12. Let completely cool before frosting.

*Makes about one dozen cupcakes. Feel free to double the recipe to make more for your next gathering.


~ 1/4 cup margarine (non-hydrogenated/vegan), softened

~ 2 tablespoons of 'Earth Balance' margarine/shortening

~ 1/3 cup creamy peanut butter

~ 1 tablespoon molasses

~ 1 1/2 teaspoons vanilla extract

~ 1 1/4 powdered sugar, sifted

~ 1 to 2 tablespoons rice milk or soy milk


1. With electric mixer (hand held is fine) cream together 1/4 cup margarine and the 2 tablespoons shortening/margarine at medium speed until smooth.

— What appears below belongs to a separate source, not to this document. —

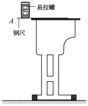 15.某同学设计了一个运用自由落体运动的规律测量重力加速度的实验方案,实验装置如图所示。他将一个空易拉罐用钢尺支撑在桌边,水平敲击钢尺上的A点,钢尺移动,使易拉罐由静止下落。通过声传感器采集敲击声和落地声,根据两次声音间的时间差和下落点离地的高度,即可得到重力加速度的大小。请对该同学的实验方案作出评价,提出改进的意见,并动手做一做。

2. Add peanut butter, molasses and vanilla -- beat until very smooth, 2 to 3 minutes.

3. Beat in powdered sugar, mixture will be very stiff.

4. Dribble in rice or soy milk a little at a time, beating continuously until frosting is a pale tan and very fluffy.

5. Adjust the thickness of the frosting by adding more rice/soy milk or more powdered sugar.

6. Garnish frosted cupcakes with chopped nuts, chopped dark chocolate and/or banana slices if desired.

Last step -- ENJOY!

1 comment:

  1. OMG I am soooooooooooooo making those, yummers!